TASK GOAL |
Only the lines in the entries below from the line with "100% woven cotton" to the line with "Zu diesem Set", both included, belong in the answer, transcribed exactly and without pictures.

AVAILABLE RECORDS |
###

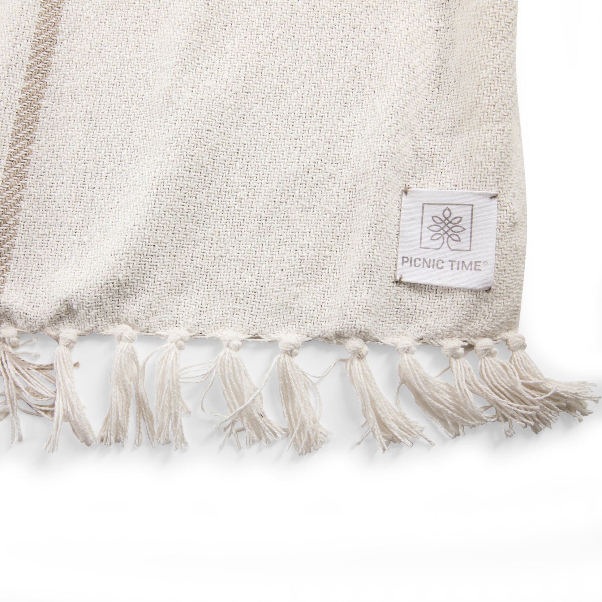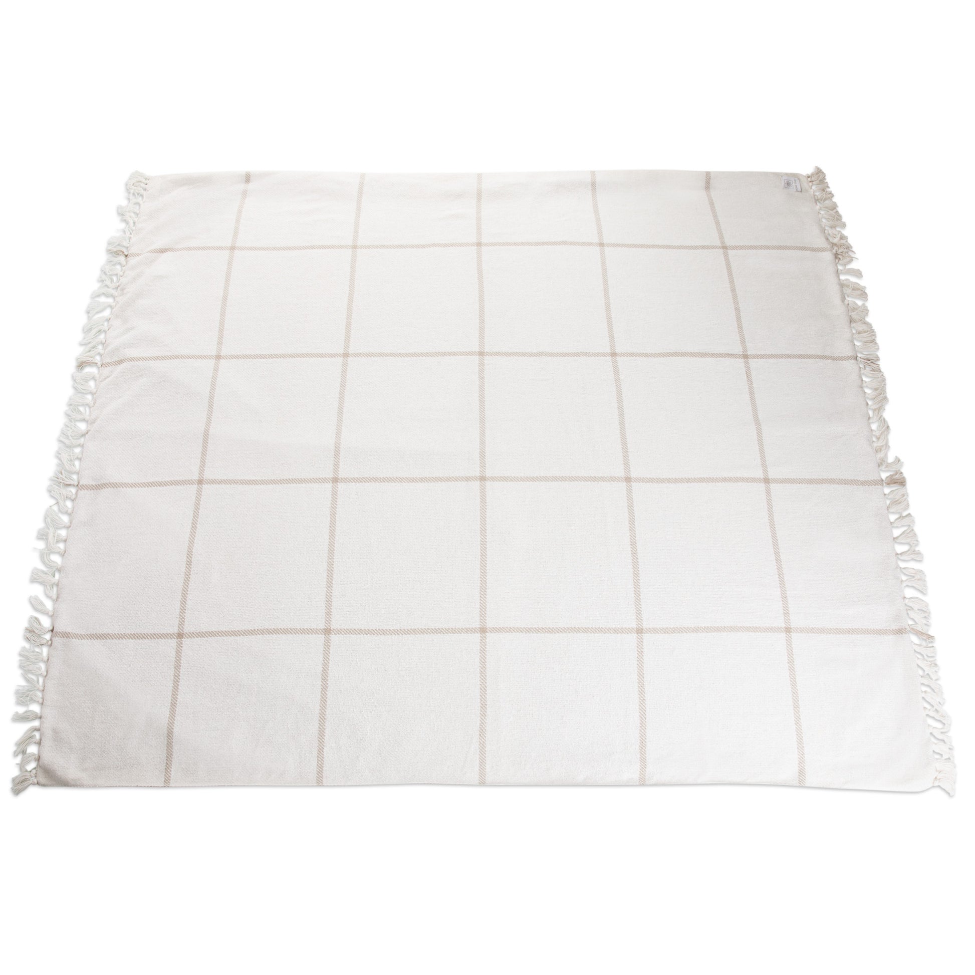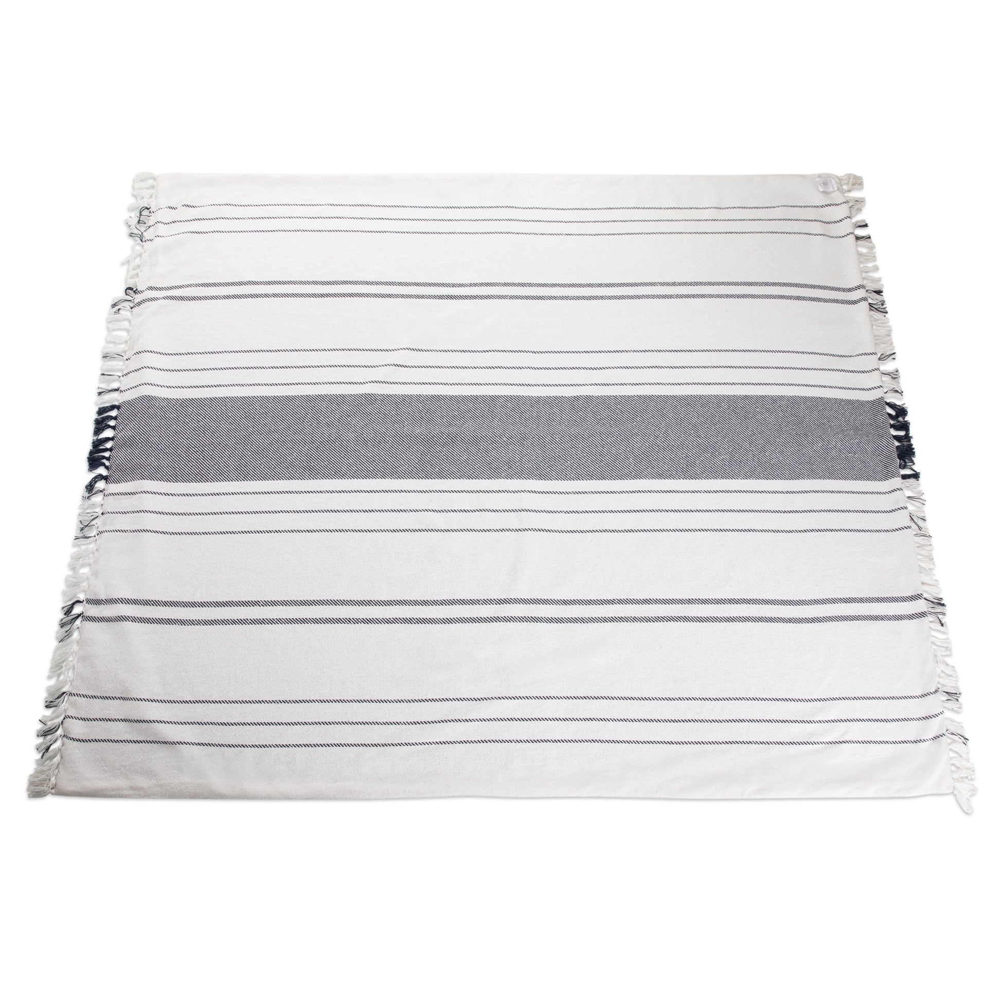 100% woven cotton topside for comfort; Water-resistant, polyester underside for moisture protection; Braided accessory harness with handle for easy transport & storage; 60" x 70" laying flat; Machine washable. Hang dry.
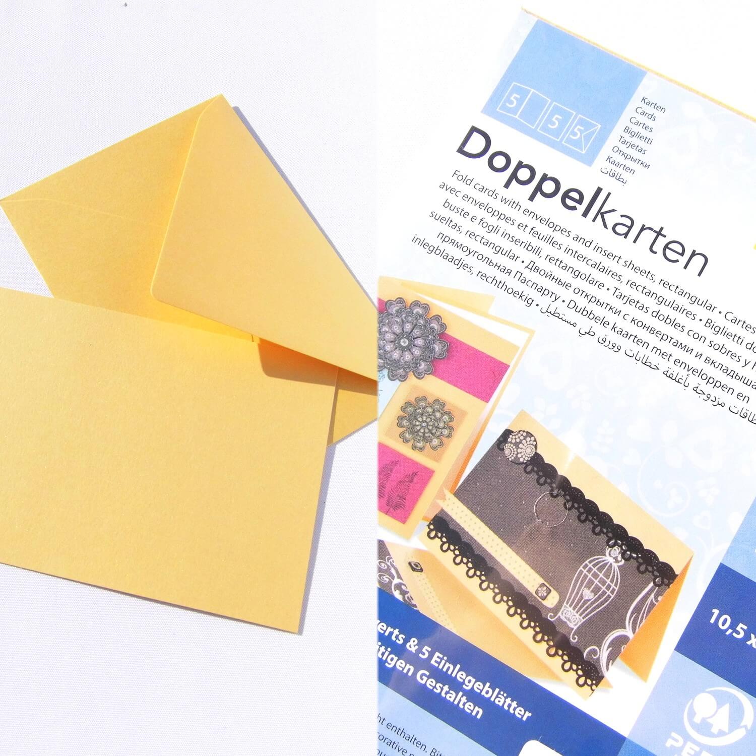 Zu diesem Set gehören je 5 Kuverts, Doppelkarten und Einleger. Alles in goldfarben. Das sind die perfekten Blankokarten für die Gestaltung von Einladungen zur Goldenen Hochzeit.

###

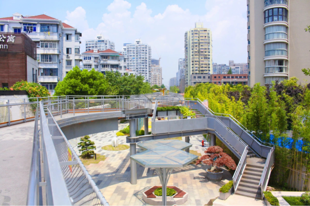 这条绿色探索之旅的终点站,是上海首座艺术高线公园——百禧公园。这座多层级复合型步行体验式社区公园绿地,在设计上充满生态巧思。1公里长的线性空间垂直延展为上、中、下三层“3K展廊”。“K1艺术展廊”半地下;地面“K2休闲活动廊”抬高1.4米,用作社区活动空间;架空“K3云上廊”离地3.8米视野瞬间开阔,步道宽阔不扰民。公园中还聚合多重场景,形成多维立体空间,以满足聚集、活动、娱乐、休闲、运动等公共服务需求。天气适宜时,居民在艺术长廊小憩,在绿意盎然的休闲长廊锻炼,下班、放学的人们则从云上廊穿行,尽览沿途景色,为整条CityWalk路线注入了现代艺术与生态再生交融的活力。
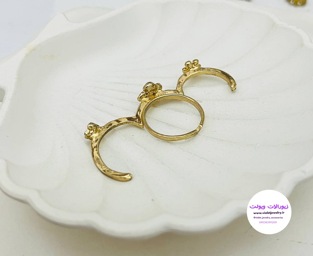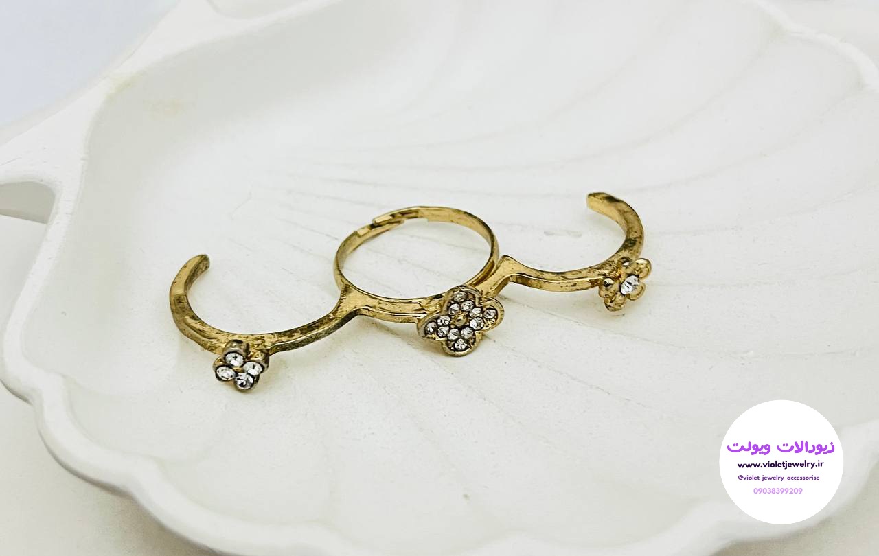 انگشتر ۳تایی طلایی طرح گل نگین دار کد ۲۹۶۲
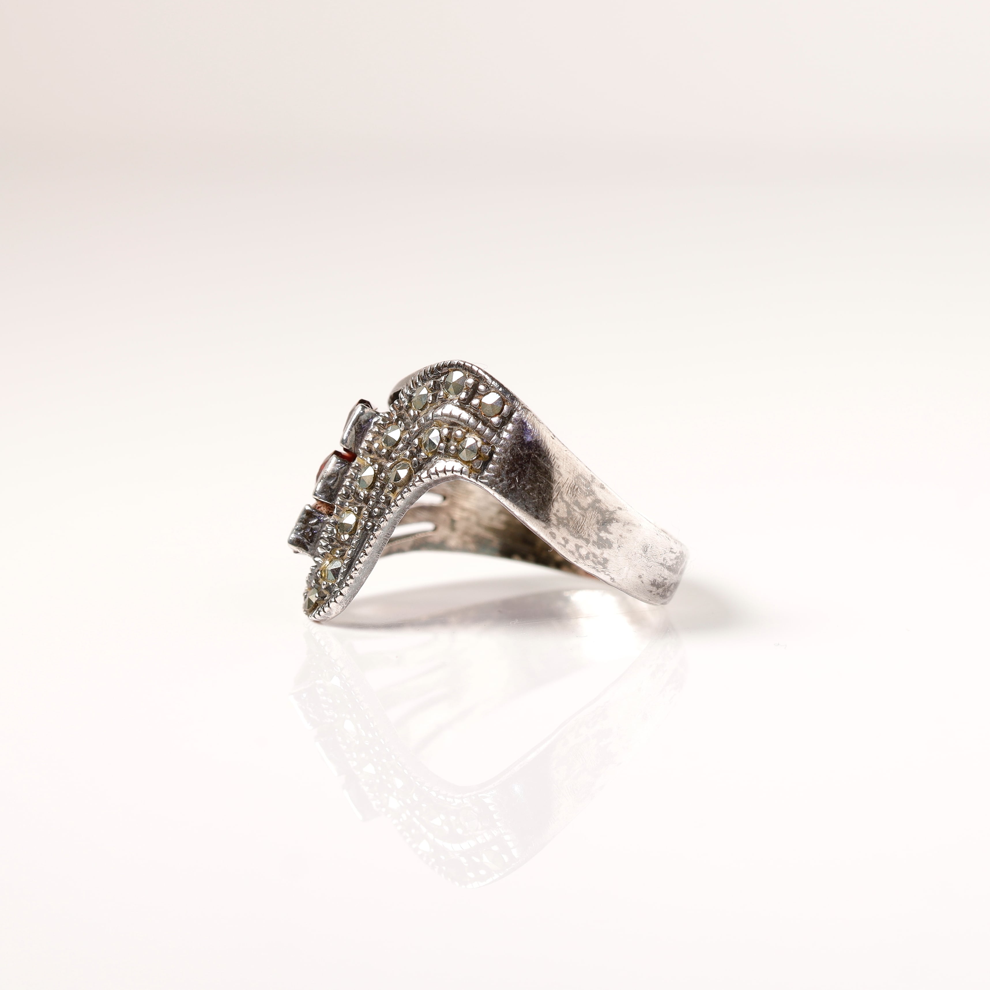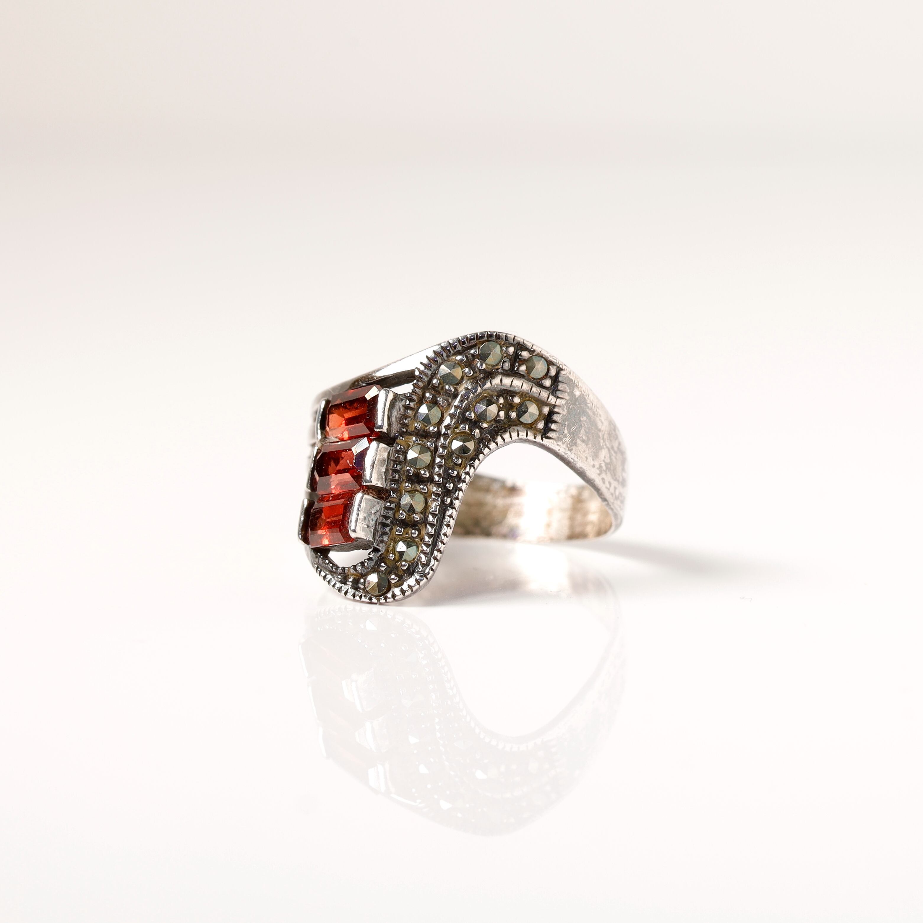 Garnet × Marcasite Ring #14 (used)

###

TASK ANSWER |
 100% woven cotton topside for comfort; Water-resistant, polyester underside for moisture protection; Braided accessory harness with handle for easy transport & storage; 60" x 70" laying flat; Machine washable. Hang dry.
 Zu diesem Set gehören je 5 Kuverts, Doppelkarten und Einleger. Alles in goldfarben. Das sind die perfekten Blankokarten für die Gestaltung von Einladungen zur Goldenen Hochzeit.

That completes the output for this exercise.